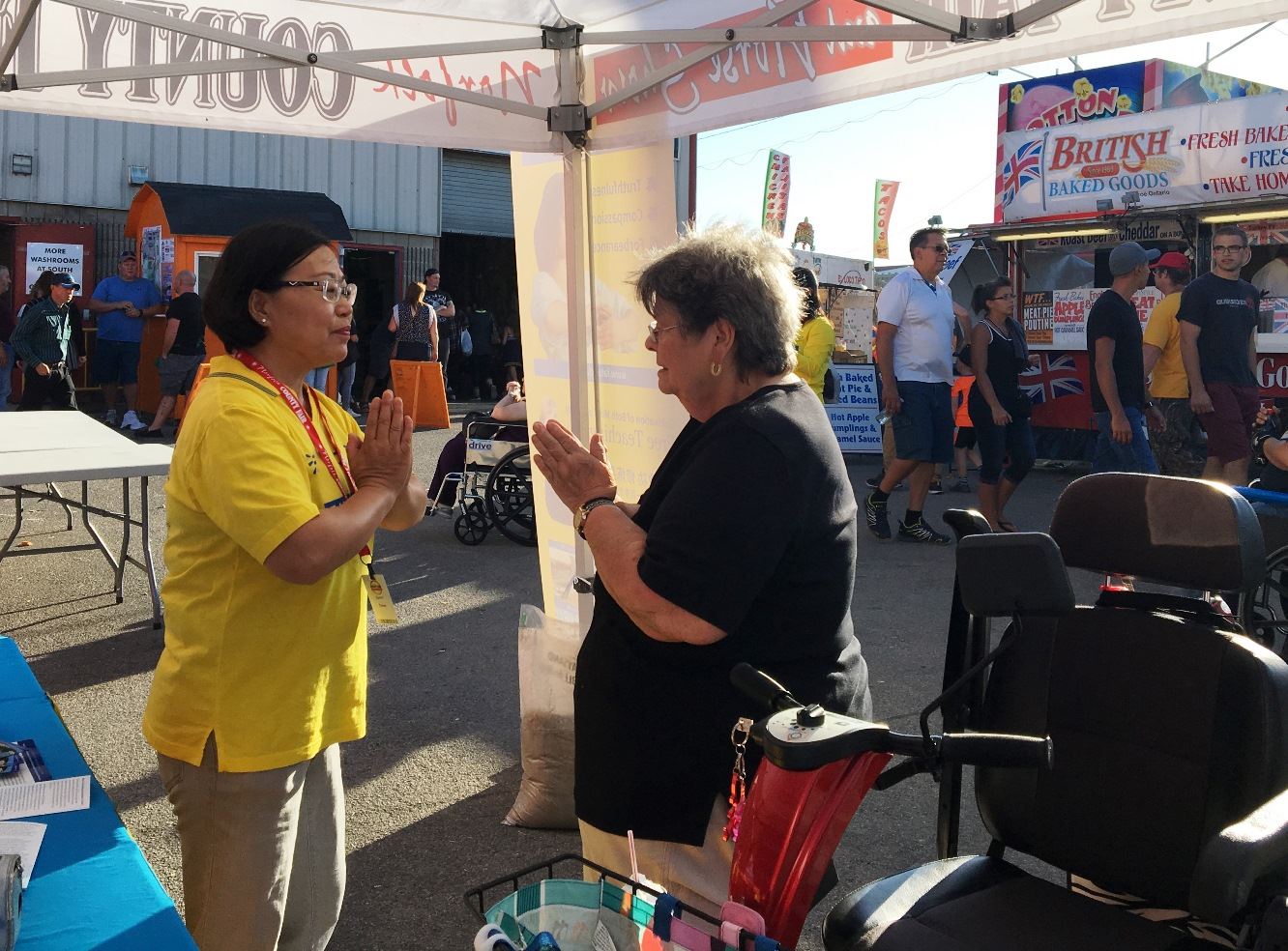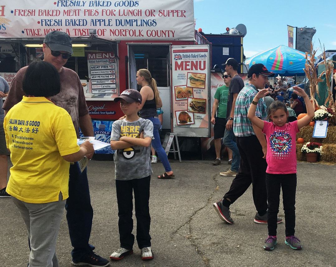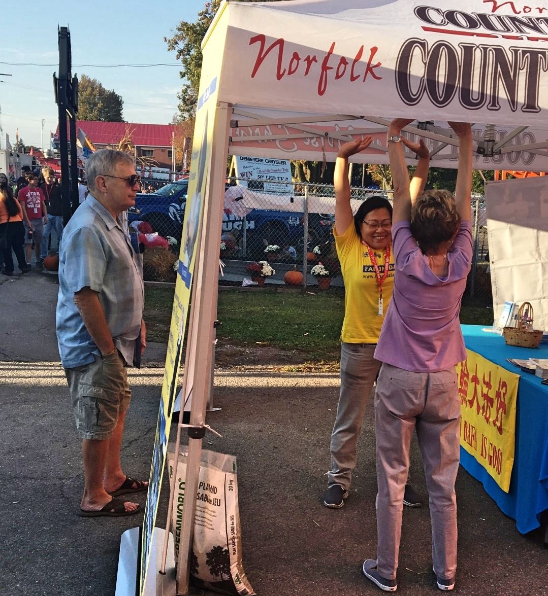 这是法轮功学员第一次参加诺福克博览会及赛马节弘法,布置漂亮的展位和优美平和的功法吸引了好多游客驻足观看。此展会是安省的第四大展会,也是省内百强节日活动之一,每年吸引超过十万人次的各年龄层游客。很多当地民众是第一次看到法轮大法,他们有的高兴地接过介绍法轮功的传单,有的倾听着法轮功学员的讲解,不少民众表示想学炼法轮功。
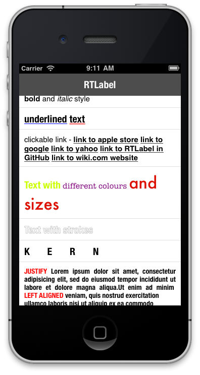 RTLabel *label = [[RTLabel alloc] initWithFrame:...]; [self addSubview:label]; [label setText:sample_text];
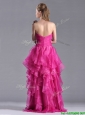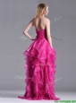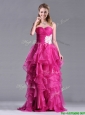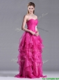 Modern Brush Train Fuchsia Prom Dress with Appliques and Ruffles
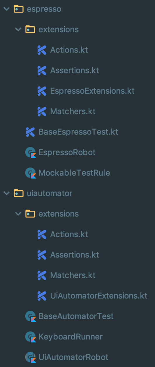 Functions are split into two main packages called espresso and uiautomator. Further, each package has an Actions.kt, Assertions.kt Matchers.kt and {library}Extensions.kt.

* * * * * * * * *

**Task statement:**
The lines to repeat run from the line containing "Modern Brush Train" through the last line of the material above; give them exactly, without the pictures.

**Output for this exercise:**
 Modern Brush Train Fuchsia Prom Dress with Appliques and Ruffles
 Functions are split into two main packages called espresso and uiautomator. Further, each package has an Actions.kt, Assertions.kt Matchers.kt and {library}Extensions.kt.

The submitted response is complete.